- [Exercise goal]: For the entries below, print exactly the lines between the line holding "사이즈는 소형 suv보다는" and the line holding "Такое мероприятие требует", inclusive, and nothing else.

Stored data entries

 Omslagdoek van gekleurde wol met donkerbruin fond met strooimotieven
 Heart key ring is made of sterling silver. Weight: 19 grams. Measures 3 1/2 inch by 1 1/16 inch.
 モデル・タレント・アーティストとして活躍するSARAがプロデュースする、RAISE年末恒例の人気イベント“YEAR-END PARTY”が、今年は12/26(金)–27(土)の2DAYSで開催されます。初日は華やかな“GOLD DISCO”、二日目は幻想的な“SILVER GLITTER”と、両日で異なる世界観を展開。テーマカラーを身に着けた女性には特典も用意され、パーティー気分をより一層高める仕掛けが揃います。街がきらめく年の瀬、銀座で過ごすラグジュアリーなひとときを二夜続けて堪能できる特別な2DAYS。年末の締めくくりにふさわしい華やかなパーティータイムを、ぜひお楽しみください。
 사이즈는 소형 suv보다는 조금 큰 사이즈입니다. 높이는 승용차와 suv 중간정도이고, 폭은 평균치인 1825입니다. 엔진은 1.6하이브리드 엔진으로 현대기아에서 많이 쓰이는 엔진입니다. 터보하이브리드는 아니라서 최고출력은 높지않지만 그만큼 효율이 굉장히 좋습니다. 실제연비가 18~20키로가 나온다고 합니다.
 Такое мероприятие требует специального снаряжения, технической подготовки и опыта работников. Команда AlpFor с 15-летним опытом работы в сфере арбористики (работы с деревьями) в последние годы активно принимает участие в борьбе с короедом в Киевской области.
* * *
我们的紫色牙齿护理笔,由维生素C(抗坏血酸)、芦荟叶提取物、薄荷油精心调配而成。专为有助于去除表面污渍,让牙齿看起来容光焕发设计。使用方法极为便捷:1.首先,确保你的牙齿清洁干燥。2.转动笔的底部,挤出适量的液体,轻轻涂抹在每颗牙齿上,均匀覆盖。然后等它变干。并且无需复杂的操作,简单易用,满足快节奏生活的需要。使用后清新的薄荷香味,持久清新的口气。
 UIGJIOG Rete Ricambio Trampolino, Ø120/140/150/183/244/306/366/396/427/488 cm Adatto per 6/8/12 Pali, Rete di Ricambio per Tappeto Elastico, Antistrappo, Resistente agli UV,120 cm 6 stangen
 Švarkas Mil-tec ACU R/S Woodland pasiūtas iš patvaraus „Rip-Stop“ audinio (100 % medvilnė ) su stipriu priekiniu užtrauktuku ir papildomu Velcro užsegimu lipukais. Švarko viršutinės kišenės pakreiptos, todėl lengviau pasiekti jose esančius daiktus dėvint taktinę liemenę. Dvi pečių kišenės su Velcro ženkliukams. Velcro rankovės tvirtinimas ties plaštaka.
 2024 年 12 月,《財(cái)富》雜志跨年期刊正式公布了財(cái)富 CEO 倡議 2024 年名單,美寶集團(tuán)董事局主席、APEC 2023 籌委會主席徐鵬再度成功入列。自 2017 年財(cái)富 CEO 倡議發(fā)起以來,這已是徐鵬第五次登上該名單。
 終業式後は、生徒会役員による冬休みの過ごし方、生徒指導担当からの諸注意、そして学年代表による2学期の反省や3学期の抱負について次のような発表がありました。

- [Result]:
 사이즈는 소형 suv보다는 조금 큰 사이즈입니다. 높이는 승용차와 suv 중간정도이고, 폭은 평균치인 1825입니다. 엔진은 1.6하이브리드 엔진으로 현대기아에서 많이 쓰이는 엔진입니다. 터보하이브리드는 아니라서 최고출력은 높지않지만 그만큼 효율이 굉장히 좋습니다. 실제연비가 18~20키로가 나온다고 합니다.
 Такое мероприятие требует специального снаряжения, технической подготовки и опыта работников. Команда AlpFor с 15-летним опытом работы в сфере арбористики (работы с деревьями) в последние годы активно принимает участие в борьбе с короедом в Киевской области.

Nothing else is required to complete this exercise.